Шрифт:
Интервал:
Закладка:
А сквозь ливень уже летела гудящим смерчем черная саранча, напоминая собой капли смолы или глаза учителя, злобно впиваясь в тело, колотясь в доспех, заставляя отшатнуться, сбивая дыхание…
И еще: почему-то бесило присутствие богов-зрителей, наслаждавшихся битвой со стороны.
На стадионе Бенареса все было наоборот.
— Проклятие!
Защита опоздала, но возница не оплошал, ловким маневром вывел колесницу из-под обстрела, и черный рой умчался прочь, быстро затерявшись в просторах Безначалья.
Гангею охватил злой азарт. Довольно! Всякому терпению есть предел! Грозный против Рамы и Ублюдка? Что ж, значит, так тому и быть!
Наскоро восстановив полуразрушенный щит, регент дал себе волю. Паутина раскалилась добела, и теперь ее сияние слепило внутренний взор. Паук забегал, засуетился, пожирая муху за мухой, и Грозный провозгласил мантру, которую буквально только что создал из двух более простых.
Ответ не заставил себя ждать!
Содрогнулась ледовая равнина, поплыла, мгновенно становясь зыбкой, из недр Безначалья хлестнули кипящие столбы пара, колесница учителя покачнулась, и Гангея, уже торжествуя победу, послал вслед «Колебателю Тверди» «Пишача-Весельчака» вкупе с «Дремотой Чрева» — твои уроки не прошли даром, учитель!
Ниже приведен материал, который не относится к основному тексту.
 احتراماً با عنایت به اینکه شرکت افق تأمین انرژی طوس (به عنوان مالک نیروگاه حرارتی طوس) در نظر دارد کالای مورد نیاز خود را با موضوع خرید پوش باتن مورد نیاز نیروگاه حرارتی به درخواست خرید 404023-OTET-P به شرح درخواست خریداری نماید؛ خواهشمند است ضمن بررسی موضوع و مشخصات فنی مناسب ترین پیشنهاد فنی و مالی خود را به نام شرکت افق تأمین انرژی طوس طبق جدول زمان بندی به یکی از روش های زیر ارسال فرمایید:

Он видел, как задергался возница Ублюдок, не в силах сдержать позывы желудка, как неуправляемая колесница начала медленно заваливаться на бок — и тут все скрылось в клубах серного дыма, что вырвались из гигантской полыньи, язвы на теле оледенелых Предвечных вод.
«Все? — растерянно подумал Гангея. — Я победил?»
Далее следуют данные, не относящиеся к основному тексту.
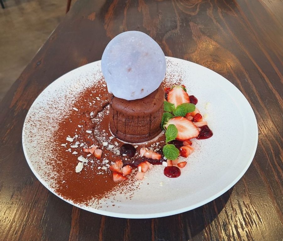 温かいフォンダンショコラの上に、求肥で包んだ濃厚なチョコアイスを乗せ、アクセントとしてハスカップソースを加えました。ハスカップの爽やかな酸味が絶妙なバランスで味わいを引き立てる、スノードームをイメージしたデザートです。
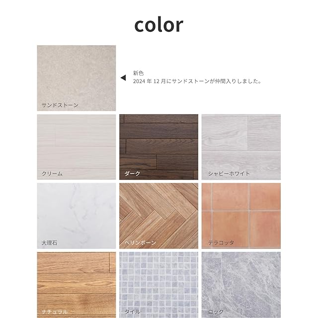 【組成】 表面:塩化ビニル 裏面:ガラス繊維不織布 付属:滑り止めシール8枚組

«А как же, малыш!» — насмешкой громыхнул простор, и объятая пламенем колесница вынеслась из чадного облака, срезая угол ристалища.
Рама правил конями сам, давая Ублюдку время отдышаться.
— И тогда стала дрожать земля вместе с ее горами, лесами и деревьями, — взвился над Безначальем пронзительно-приторный фальцет какого-то гандхарва, который не нашел лучшего момента для панегирика. — И все существа, палимые жаром битвы, пришли в крайнее уныние!..
Небо треснуло, хлестнув осколками на голос, и восторженный певец разом пришел в то самое крайнее уныние вместе с иными существами, и песня оборвалась.
И начался ад. Ярясь, Грозный осыпал учителя тучами стрел и метательных дисков, выли в поднебесье огненные змеи, разевая пасти-геенны, валы ужаса и ледяного холода обрушивались на регента, вокруг с грохотом рвались стальные шары, сознание кипело, грозя сжечь плоть и освободиться из смертного плена, — а Рама все бил и бил, раз за разом прошибая броню, которую воздвиг вокруг своей колесницы Грозный, и в какой-то момент рука Гангеи сама нащупала маленькую безделушку.
Золотую раковинку с жемчужиной внутри.
Явь стала сном. И Долг Кшатрия заговорил, выпуская в мир подарок Благих.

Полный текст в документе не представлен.